Arts

Canaletto et Guardi au musée Jacquemart-André : deux sublimes visions de la Sérénissime

Canaletto et Guardi au musée Jacquemart-André : deux sublimes visions de la Sérénissime

13 septembre 2012 | PAR Géraldine Bretault

Difficile d’échapper aux vedute de Canaletto en cette rentrée : ouvrant le bal, avant le musée Maillol dans quelques jours, le musée Jacquemart-André nous invite à comparer son talent à celui d’un autre grand védutiste, Francesco Guardi.

Mais d’abord, qu’entend-on précisément par veduta ? La veduta, en italien, c’est la vue, « ce que l’on voit ». Il s’agit là de magnifier l’architecture grâce à une connaissance approfondie des traités de perspective et à l’usage de la chambre noire. Un bon védutiste doit savoir manier le pinceau avec la plus grande précision topographique tout en affirmant sa sensibilité. Si le mouvement s’est illustré dans les principales étapes du Grand Tour en Italie qu’étaient Rome et Naples, il n’est guère surprenant que la Sérénissime ait suscité le plus de vocations dans ce domaine, ne serait-ce qu’en raison de la lumière si particulière qui y règne.

A partir des tableaux collectionnés au XIXe siècle par le couple Jacquemart-André, la commissaire de l’exposition Bozena Anna Kowalczyk, spécialiste du XVIIIe siècle italien, a souhaité retracer les origines de ce mouvement pour mieux mettre en exergue les relations si complexes qui unissaient Canaletto et Guardi.

De fait, une vue répandue oppose la minutie scientifique du premier, imprégné des idées des Lumières, à la touche sensible du second, impressionniste avant l’heure. Or à y regarder de plus près, comme nous sommes invités à le faire au gré d’un parcours judicieusement articulé, les choses ne sont pas si simples… Ainsi, un tableau du jeune Canaletto, alors soucieux des variations atmosphériques et des textures des édifices, a longtemps été attribué à Guardi, lequel reprit le même motif en fin de carrière dans un style comparable.

Canaletto a-t-il été victime de son succès ? Toujours est-il que les Anglais, très friands de son travail, introduit en Angleterre par l’intermédiaire du consul britannique à Venise, Joseph Smith, conduisirent le peintre à orienter sa production en vue de satisfaire cette clientèle nostalgique. L’aristocratie britannique était en effet particulièrement sensible au savoir-faire technique du peintre, qui dut par ailleurs réduire ses formats afin de pouvoir écouler des séries de vues destinées à garnir leurs demeures.

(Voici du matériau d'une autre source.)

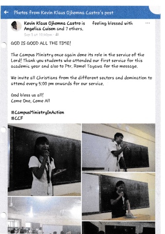 The Carnpus l"linistrV onLe aEain done its role in the seruice of the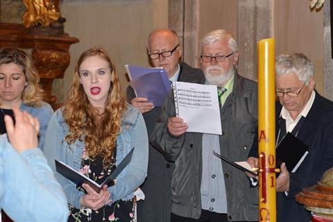 Podvečerní program pokračoval koncertem v místním kostele Nanebevzetí Panny Marie, kde duchovní písně zazpíval známý a oblíbený pěvecký sbor Canto nepomucenum , obohacený o dětské a mužské hlasy. Skupina Profesionálové představila přítomným posluchačům duchovní písně v moderním pojetí. Noc kostelů je oslava, do které se letošní rok zapojilo 1200 kostelů a její počátek , se píše od r. 2009. Zakladatelem těchto aktivit je teolog, pedagog a spisovatel Otto Neubaer, vedoucí Akademie pro dialog a evangelizaci ve Vídni, otec šesti dětí. Přednáší po celé Evropě a věnuje se projektům pro mládež.

Peu connu dans le reste de l’Europe, Guardi eut quant à lui tout le loisir d’approfondir ses propres recherches sensibles et atmosphériques. Son évolution après la mort de Canaletto est particulièrement notable à cet égard : désormais libéré de cette tutelle écrasante, le peintre semble alors s’émanciper avec plaisir des lois de la perspective si contraignantes pour explorer de nouveaux points de vue sur la lagune.

 

Une exposition très pédagogique, donc, qui a le mérite d’embrasser le védutisme dans son ensemble, depuis les prédécesseurs Van Wittel et Carlevarisj, qui ont introduit ces paysages urbains à Venise, aux ramifications inattendues de ce mouvement comme la vogue des Caprices. Moins connus du public français, ces derniers possèdent un charme pittoresque inégalé, sortes de délassements oniriques pour des peintres très sollicités.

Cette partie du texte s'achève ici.